3. Conversely, I have limited tools, and if I come across something that gives the DM no possibility of winning, I'll gladly dump it or just stop using it.

Simply put - it's no fun playing tic tac toe with anyone halfway competent.
 

As a player, I feel it's my role to surprise the DM. Exceed his expectations. Work with my fellow players to survive an encounter he expected to kill at least one character in, while staying true to the character. Stuff like that. It's not an "us vs. him" mentality, and I don't (well, try not to, perhaps I'm not an ideal judge of how well I succeed) compete with other players.

I don't think that's adversarial. My goal is to keep him on his toes and push the envelope, so he pushes us back (in a friendly way) with encounters that challenge us and create exciting story. And I'm pleased with the results as far as combat encounters go. Now my goal is to drive myself to similarly excel to rise to meet the challenge of getting deeper into character in the non-combat encounters.
 

It depends on what you mean by "challenge." I get awfully bored with being challenged to think tactically, usually because it slows the flow of the game and because it's not necessarily something my character thinks of in a given situation. I tend to "freeze up" during combat encounters anyway since the most intelligent thing my characters can usually do is not fight at all (IOW, run away). If I make a character who is a military commander or strategist, that might be different, but since I've yet to make such a character, I'd rather not bother with it.

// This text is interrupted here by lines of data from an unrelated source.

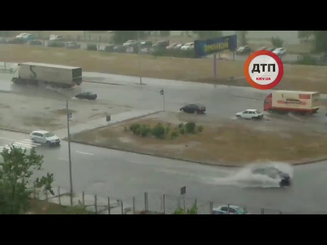 Вечером 17 июня в Киеве прошел сильный ливень с порывами ветра. Обильные осадки быстро затопили дороги. На Троещине еле-еле ездят машины, так как уровень воды местами достает до радиаторов.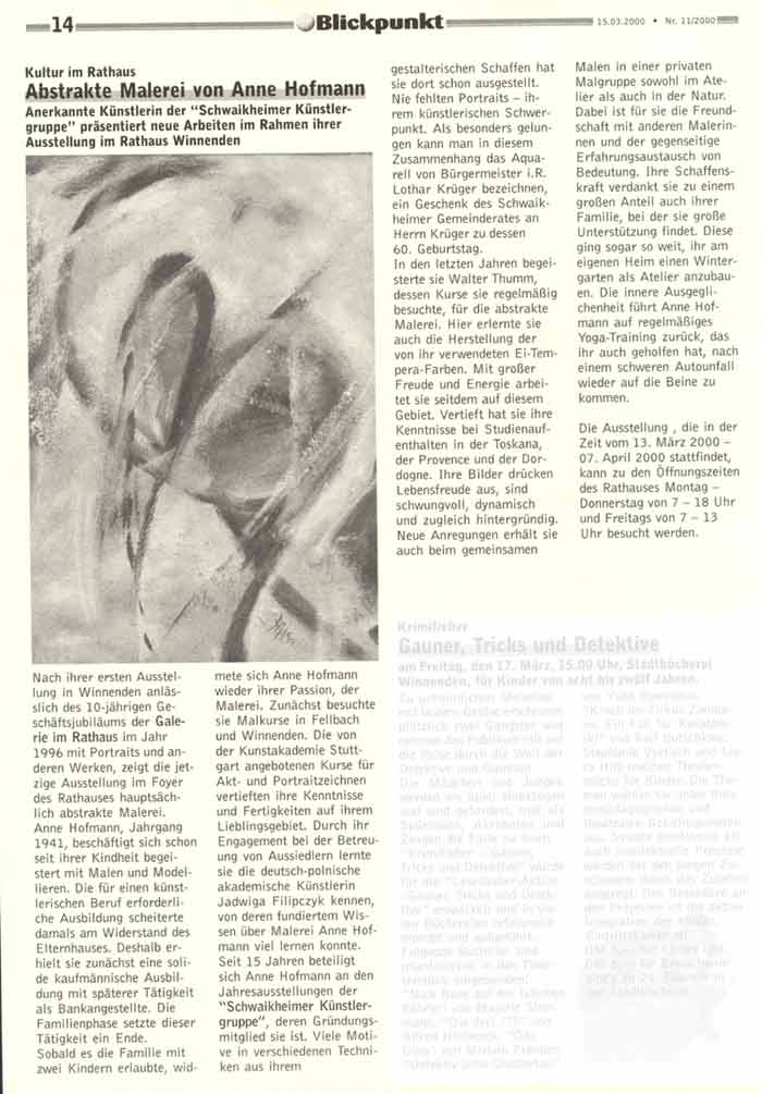 | WZ-Blickpunkt vom 15.03.2000 | Abstrakte Malerei von Anne Hofmann - Ausstellung in Rathaus Winnenden | |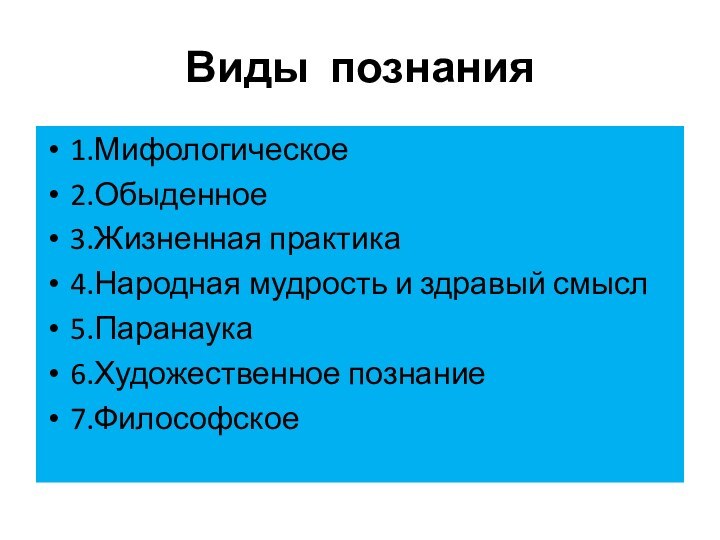 Виды познания1.Мифологическое2.Обыденное3.Жизненная практика4.Народная мудрость и здравый смысл5.Паранаука6.Художественное познание7.Философское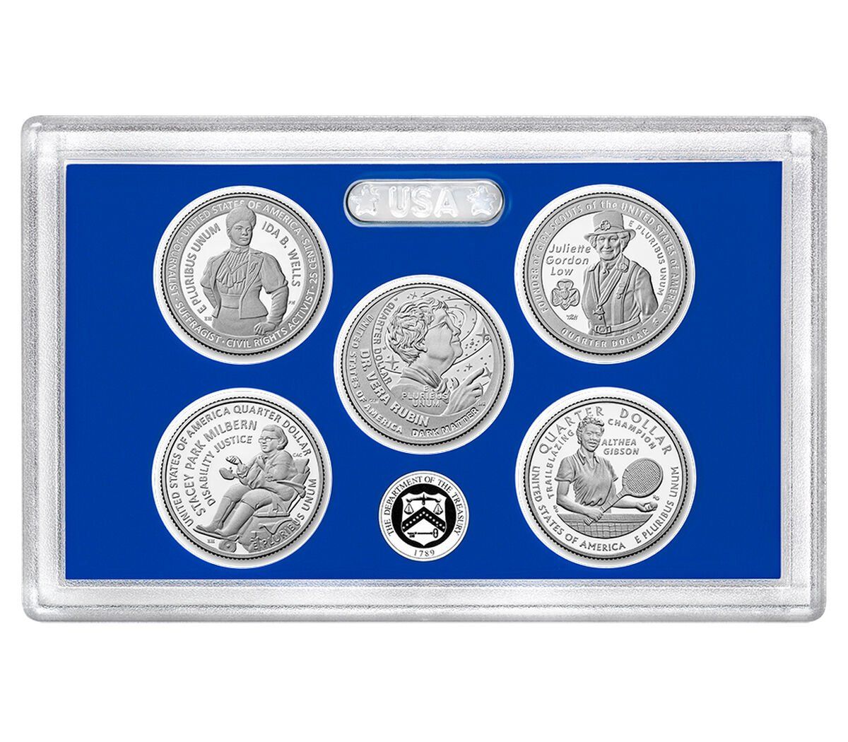 The 2025 American Women Quarters Proof Set™ features all five 2025 American Women Quarters. They are packaged in a protective lens to showcase and maintain their distinct proof finish.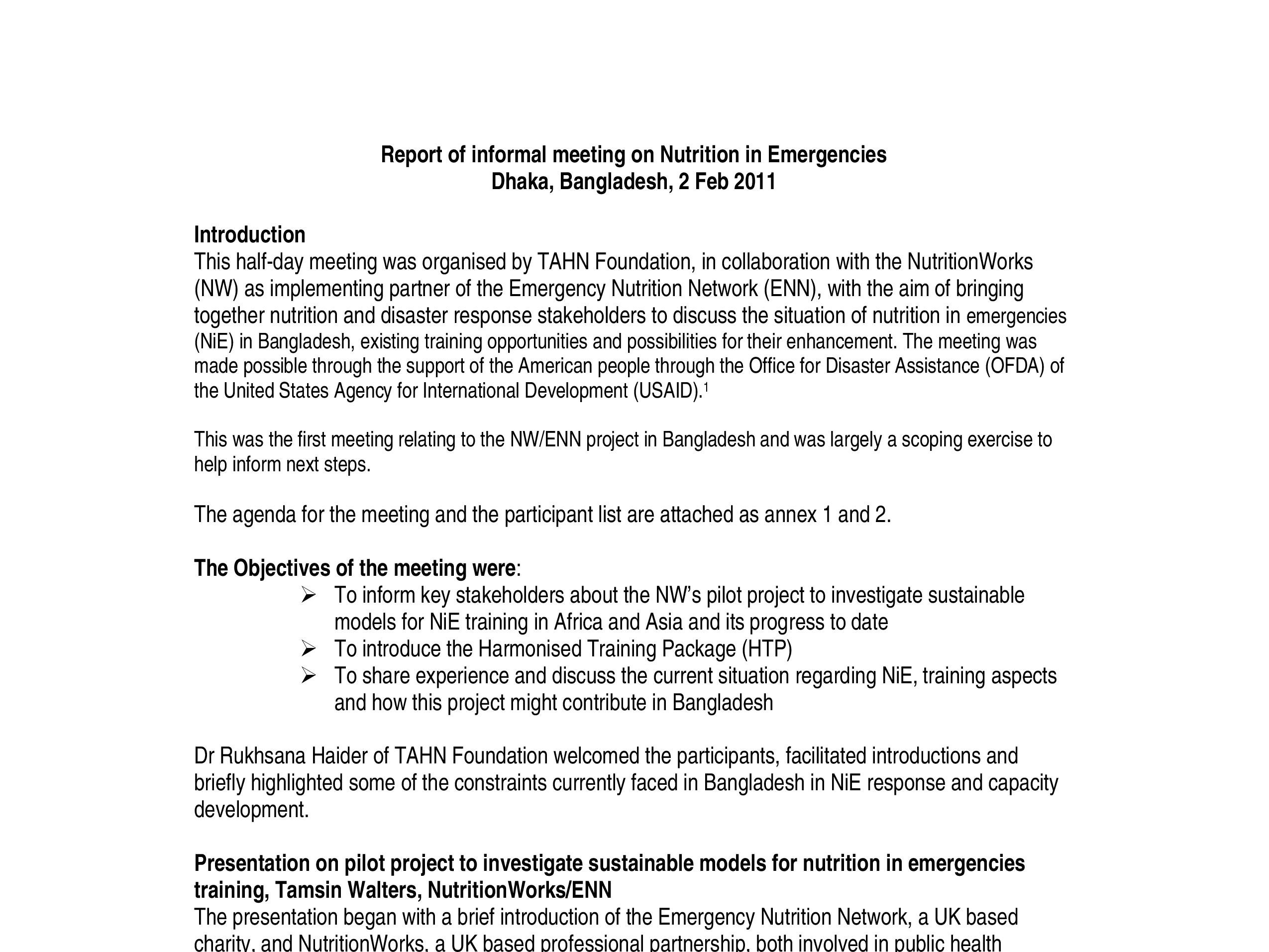 Report of informal meeting on Nutrition in Emergencies Dhaka, Bangladesh (2011)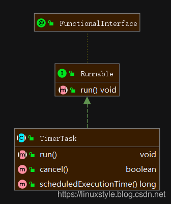 从类图可以看出TimerTask实现了Runnable接口的run()方法。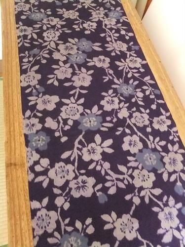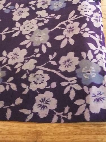 つるっとしていてシャリ感があります。華やぐ花模様が散りばめられて・・。深いなかに鮮やかさもある紫色。ヒラリとディスプレイにも。汚れ、色褪せあり。

However, if you mean "challenge" as in making tough moral or personal decisions, that's another matter. Rather than detract from the flow of the game, it creates more tension and makes the conflict important in a way that simply threatening life and limb do not.
 

Afrodyte said:
It depends on what you mean by "challenge." I get awfully bored with being challenged to think tactically, usually because it slows the flow of the game and because it's not necessarily something my character thinks of in a given situation. I tend to "freeze up" during combat encounters anyway since the most intelligent thing my characters can usually do is not fight at all (IOW, run away). If I make a character who is a military commander or strategist, that might be different, but since I've yet to make such a character, I'd rather not bother with it.

However, if you mean "challenge" as in making tough moral or personal decisions, that's another matter. Rather than detract from the flow of the game, it creates more tension and makes the conflict important in a way that simply threatening life and limb do not.

Now, I think forcing the PC's to make tough moral or personal decisions is a good thing. That creates story. It is when the players are so divorced from their characters that there are no tough choices for them. Any choice becomes a simple one when you are not emotionally invested. This is a problem, I think. It becomes impossible to frighten the PC's or make them make emotional moral choices because they do not identify with their characters as anything other than a collection of stats, experience points and cool items.

DM
 

Saeviomagy said:
1. I want the DM to try to kill my pcs
2. I want him to use limited tools to do so, and give me a possibility of winning.
3. Conversely, I have limited tools, and if I come across something that gives the DM no possibility of winning, I'll gladly dump it or just stop using it.

Simply put - it's no fun playing tic tac toe with anyone halfway competent.

The Die Hard Effect.... Or to put it another way, you want to almost lose.

The Auld Grump
 

TheAuldGrump said:
The Die Hard Effect.... Or to put it another way, you want to almost lose.

The Auld Grump

Bingo. Frankly the best gaming sessions I've had are ones where we have, at one point or another, thought "Oh no! We're totally hosed!".

That doesn't necessarily mean combat either.